What’s important to remember, however, is that the information was not stolen. It was freely given by users of Facebook apps, who happily fill their profiles with personal information useful to marketers and advertisers. We have even been trained to report our whereabouts at all times by “checking in” to places we visit on Yelp and similar apps.

Cambridge Analytica violated its agreement with Facebook but they did not pilfer anything that hadn’t been freely given by millions of people.

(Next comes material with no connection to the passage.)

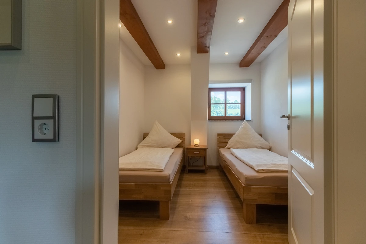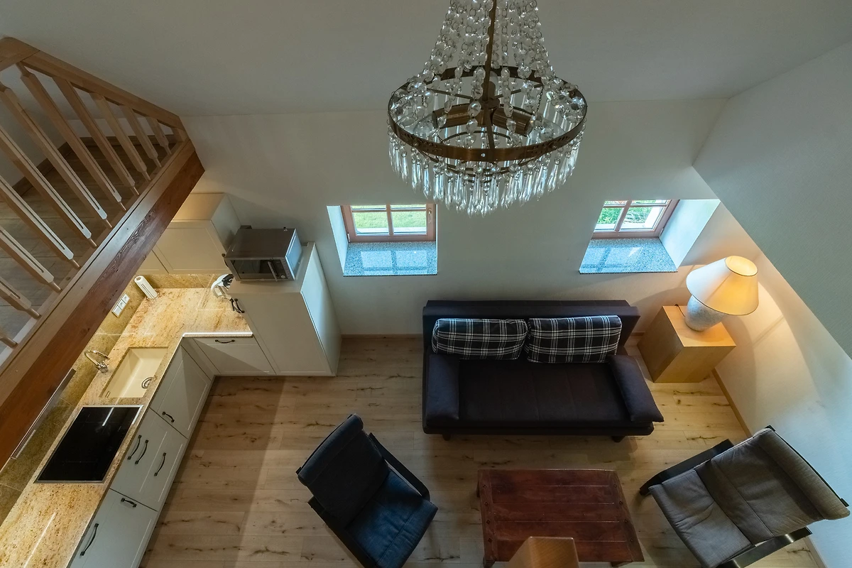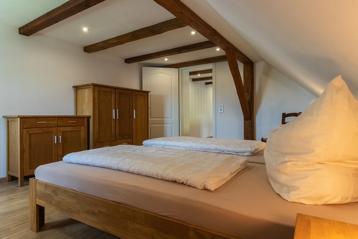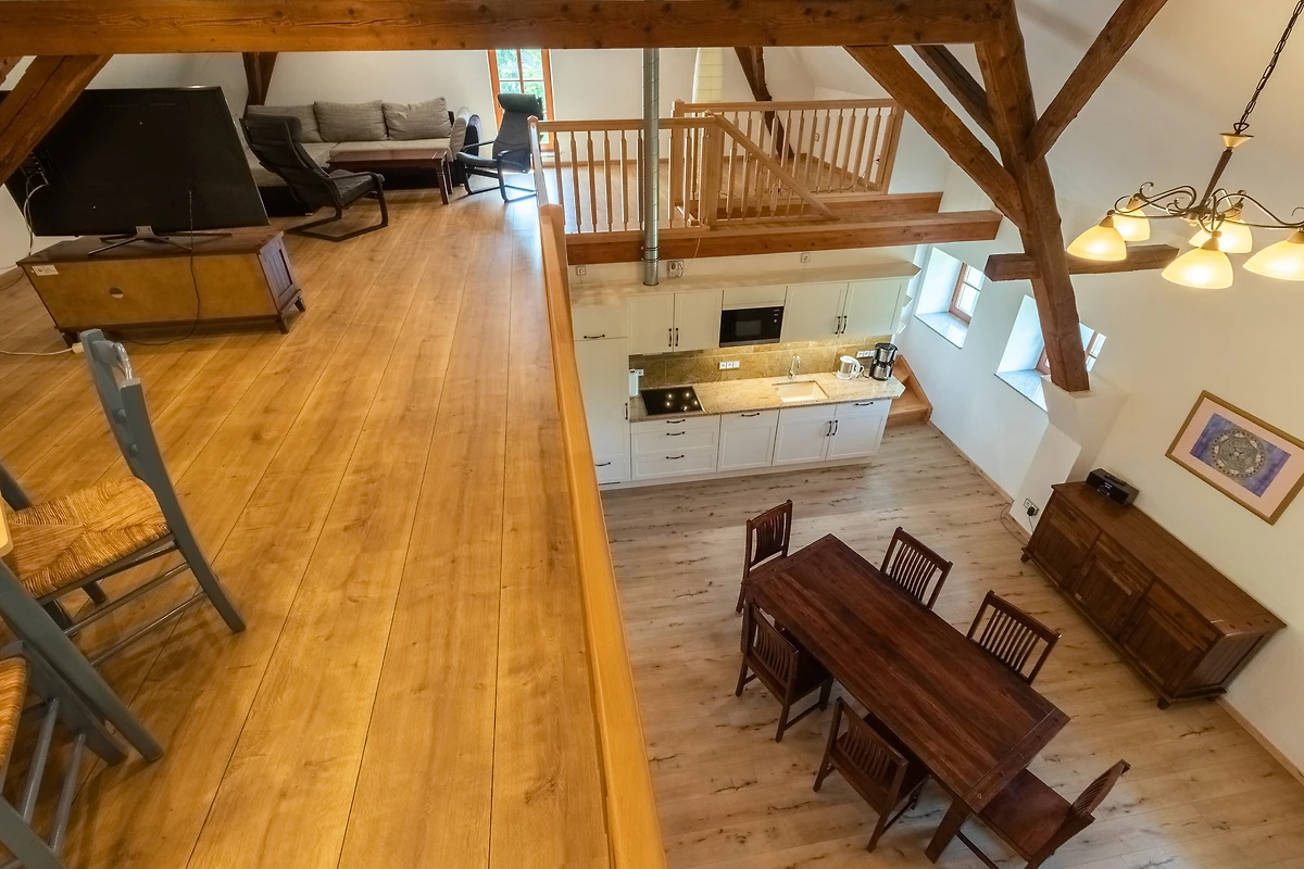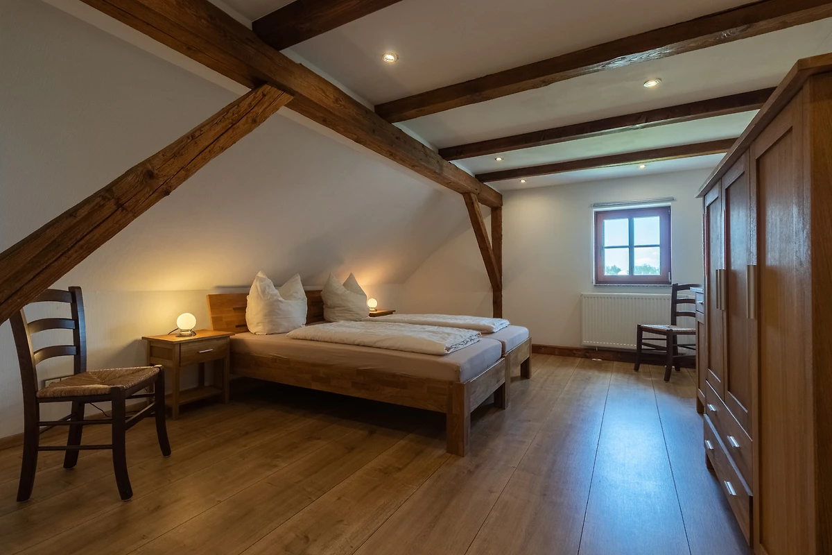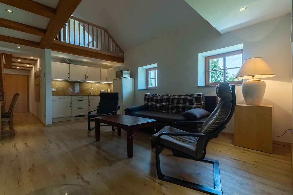 Achter de ruwbouw van een als koetshuis en opslagplaats gebruikte schuur, die naar historisch voorbeeld werd gerenoveerd, werden 3 afzonderlijke vakantiewoningen in maisonnettestijl ontworpen als nieuwe inrichting. Ze beginnen elk op de eerste verdieping en reiken tot in het dakgedeelte, waar de oorspronkelijke balken zichtbaar zijn gelaten. Er is keuze uit twee verschillend ontworpen flat types

We are trained to throw around information about ourselves by swiping loyalty cards, signing onto various websites using our Facebook account, “liking” and “sharing,” and taking lots and lots of personality quizzes. O Hermes! How we love to answer personal questions and be judged by some algorithm that tells us what J.R.R. Tolkien character, what flavor of ice cream, or what species of moth we are.

Then we share it with all our online “friends.”  Look, I’m a Metallarcha leucodetis! Take the quiz and share your results! How foolishly we play into the hands of these hustlers.

You don’t have to delete your Facebook account, although there are excellent reasons to do exactly that.

You may yet find Facebook a useful tool, perhaps for exploring Socratic dialogue on the ambiguity of language with some guy you dimly remember from high school, or for finding interesting articles that consider politics from a dispassionate and rational perspective, or for inspiring videos of dogs that can operate Keurig coffeemakers.

If that is the case, treat your personal data like the commodity it is. It's impossible to use the internet without surrendering some data, but you don't have to disclose everything voluntarily. Demand your cut.